Even so, as a couple of us replied, he needs is a pair of parentheses, since NOT has higher precedence than IN in RPG. That assumes he is truly checking strings, as you pointed out. and NOT requires a logical value.


Cheers
Vern


On Thu, 17 Aug, 2023 at 2:21 PM, Carel via MIDRANGE-L <midrange-l@xxxxxxxxxxxxxxxxxx> wrote:


To: midrange-l@xxxxxxxxxxxxxxxxxx
Cc: coteijgeler@xxxxxxxxx
Late in te discussion.

If those column details have been retrieved with an SQL DESCRIBE
operation, then the data_type has a numeric value, not a character
value, IIRC.
You have to convert those values for data_type to character descriptions.

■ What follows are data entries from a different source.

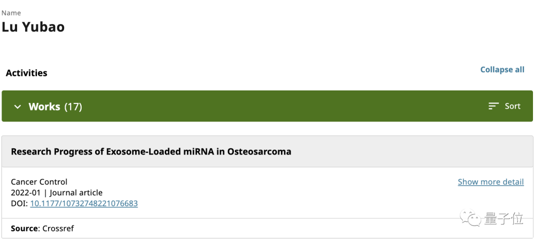 在他本人ORCID(开放学者身份标识)中,显示共有17篇Works。
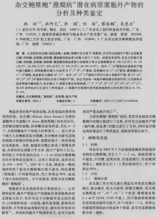 雜交鮑稚鮑“漫爬病”潛在病原菌胞外產(chǎn)物的分析及種類鑒定1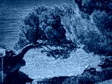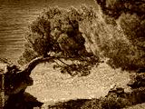 Windswept pine tree leans over crystal clear Adriatic water. Vivid green foliage contrasts beautifully with the turquoise sea, reflecting the serene and timeless character of the Mediterranean coast.

You have to check the SQL Reference in one of the appendices to see what
data type gets which numeric SQL value.
Beware: there are 2 values for each data type, based on null values
capable fields.

Kind regards,
Carel Teijgeler.

Op 17-8-2023 om 05:04 schreef Jack Callahan:
Have an data structure FV to hold column details for a given table loaded
using SQL FETCH including a column data_type defined as a varchar(8).
RowsFetched contains the number of columns defined. I would like to verify
that all the data_types defined agree to a list of values ('NUMERIC' or
'CHAR'). Tried a code snippet looks something like this:

isValid = '1';
FOR i=1 TO RowsFetched;
IF NOT FV(i).data_type IN %list('NUMERIC' :'CHAR');
isValid = '0';
ENDIF;
ENDFOR;

Compile fails with RNF7421, to wit:

"Operands are not compatible with the type of operator.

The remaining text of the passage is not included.